Portola Pharmaceuticals, a South San Francisco, Calif., biotech aiming to develop treatments for blood clots and other heart-related problems, raised $70 million in a third round of financing dominated by late-stage and public-market investors.
Among new investors in the round were Brookside Capital; AllianceBernstein; Teachers’ Private Capital, the private investment arm of Ontario Teachers’ Pension Plan; Goldman Sachs, T. Rowe Price, IBTM and CIDC. They were joined by existing investors Abingworth, Alta Partners, Advanced Technology Ventures, Frazier
Healthcare Ventures, MPM Capital, Prospect Ventures and Sutter Hill Ventures.
Portola plans to use the funding for additional clinical trials of its two leading drug candidates, both experimental blood thinners targeting different blood proteins that promote coagulation.
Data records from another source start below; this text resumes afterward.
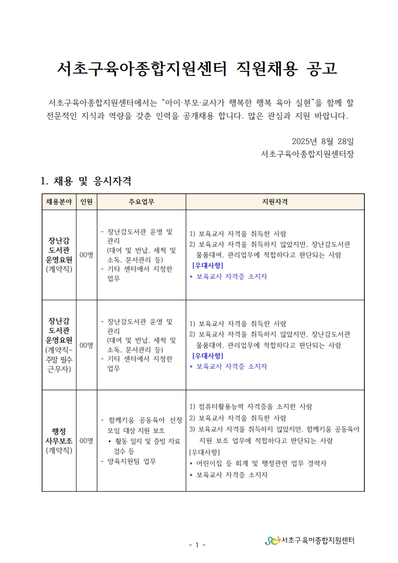 1. 서초구육아종합지원센터 직원채용 공고문(운영요원, 행정사무보조).pdf
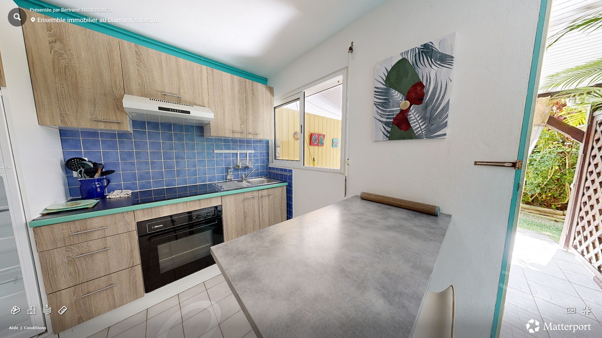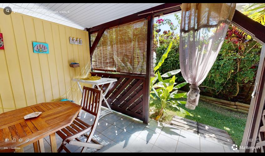 En entrant dans le logement T1 Alpinia cotés cours vous arrivez dans son entrée privative, qui vous conduira en descendant 4 marches, au rez de Jardin desservant la chambre, cuisine equipée ainsi que la terrasse couverte donnant dans le jardin tropical avec un accès direct a la piscine au sel a quelques pas de là.
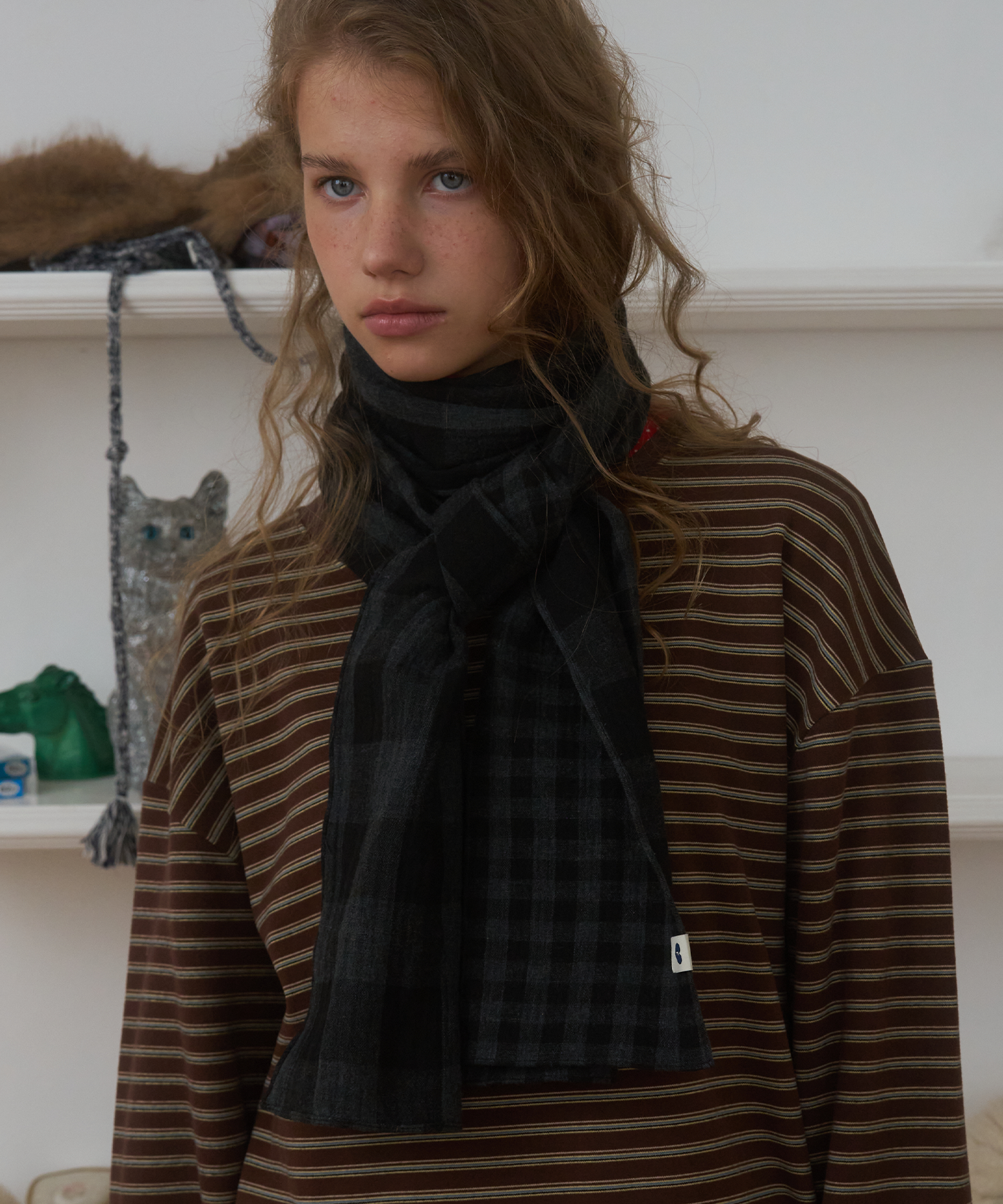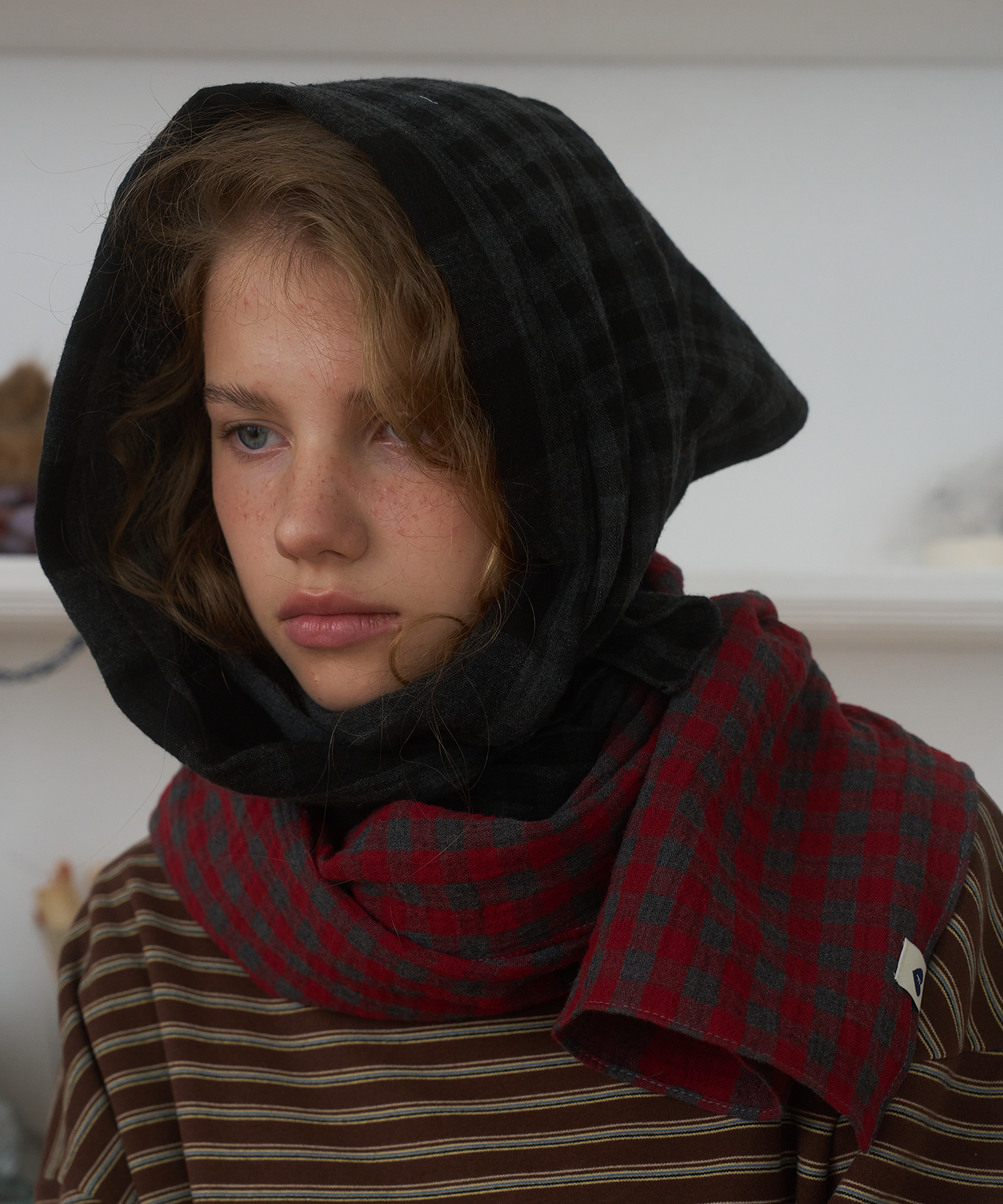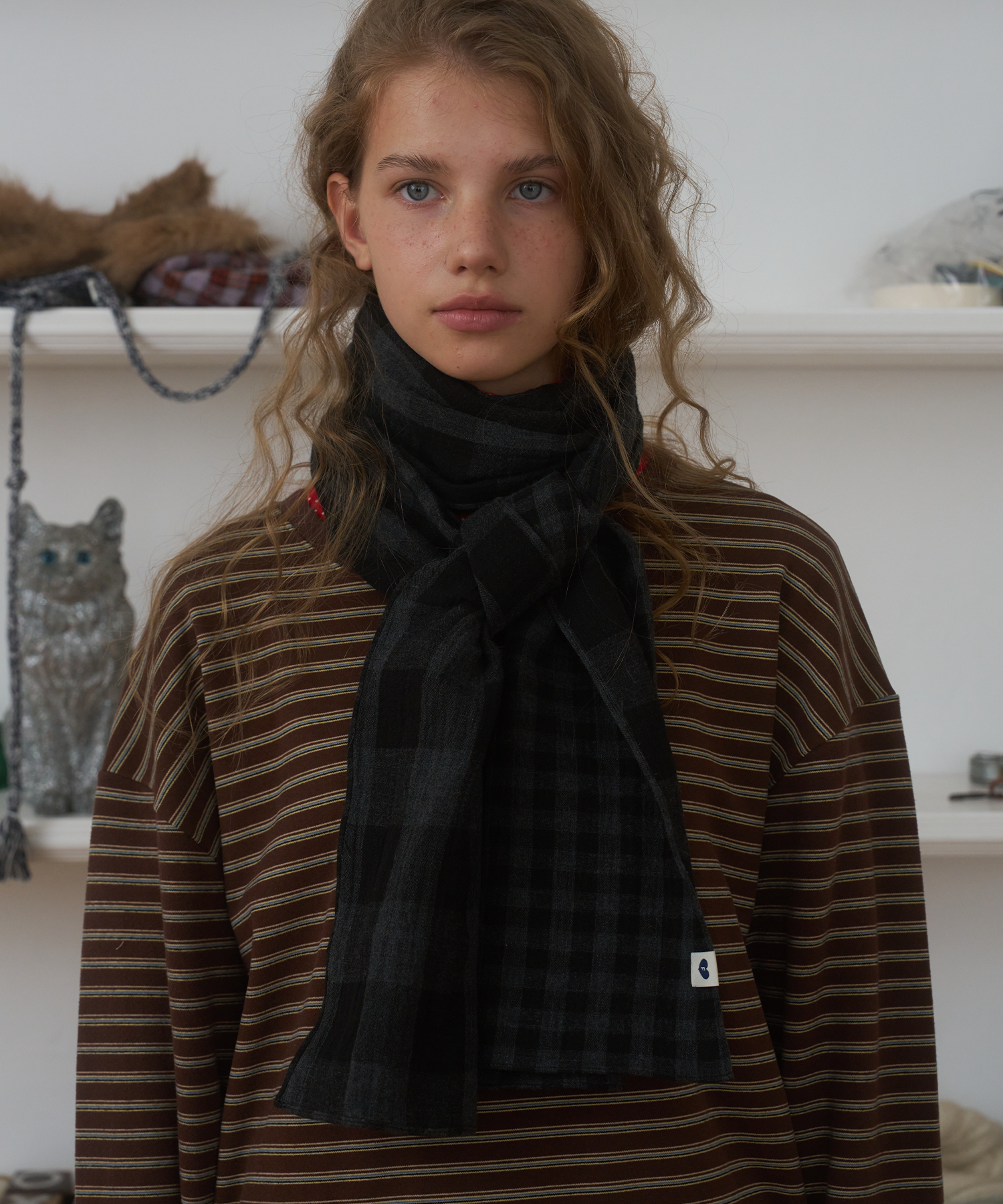 Twin-Check Scarf, Black
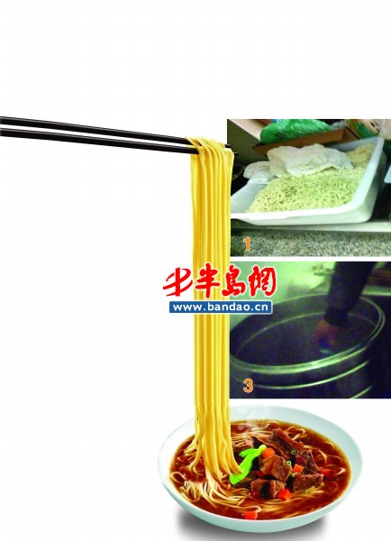 近日,記者恰巧碰到北京聚瑞祥美國加州牛肉面大王一家店面招干活的,就進去“上班”了 。老板是兩個小伙子,對員工特別好 ,還沒干兩天,就給員工每人200元的圣誕節補助。記者干了幾天活,發現這里還算正規,但也有些不容忽視的問題:說是當天面條當天賣,但有的隔夜面變黑了還照樣賣;煮面用的水堪稱“萬能”,既燙菜又刷碗,甚至還用來燙飲料。
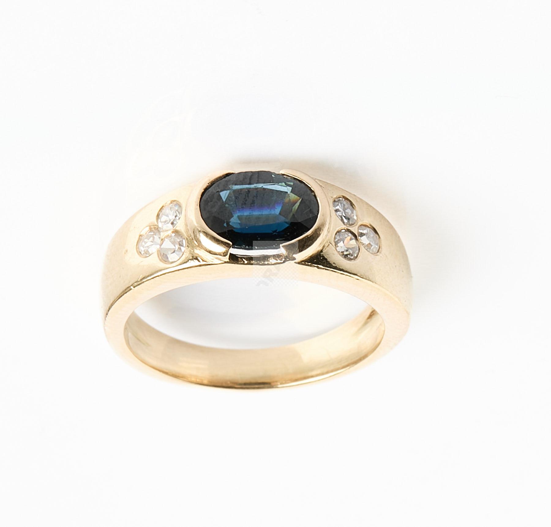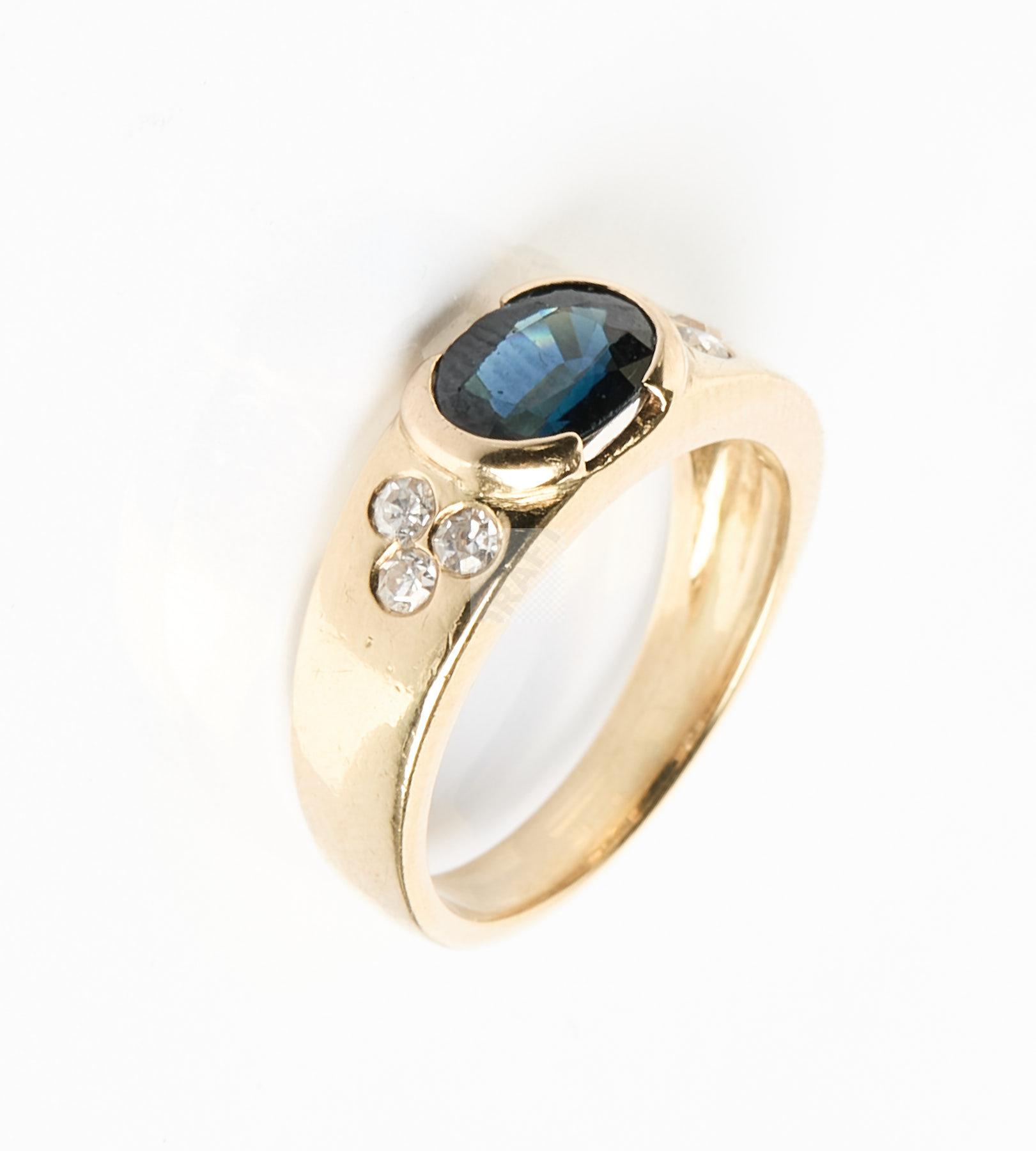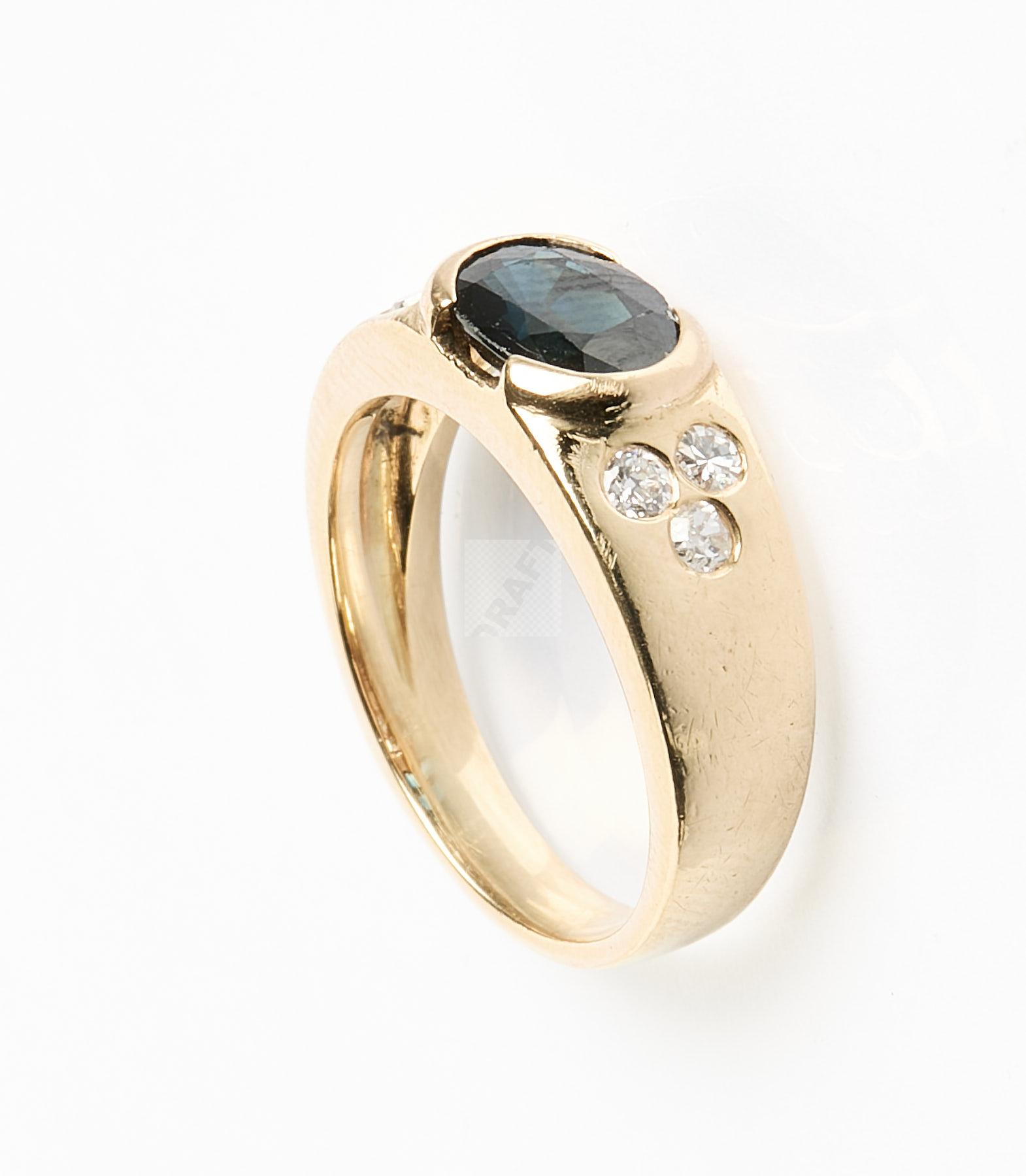 265 Bague jonc plat en or jaune sertie demi-clôt d’un saphir d’un poids estimé à 1,50 ct épaulé de 6 diamants taille 8/8, tour de doigt 52, poids 5,9 g 1347

PRT054021, an oral molecule that inhibits Factor Xa, showed promising signs in a recent mid-stage human test, and will advance into further clinical trials. Meanwhile, PRT060128, which prevents blood platelets from aggregating, has completed early trials and should move into mid-stage testing by the second half of 2007. Should they receive regulatory approval, both compounds would compete with blood thinners already on the market.
Portola aims to go public and may do so as early as next year, the company’s chief financial officer, Mardi Dier, told VentureWire (subscription required).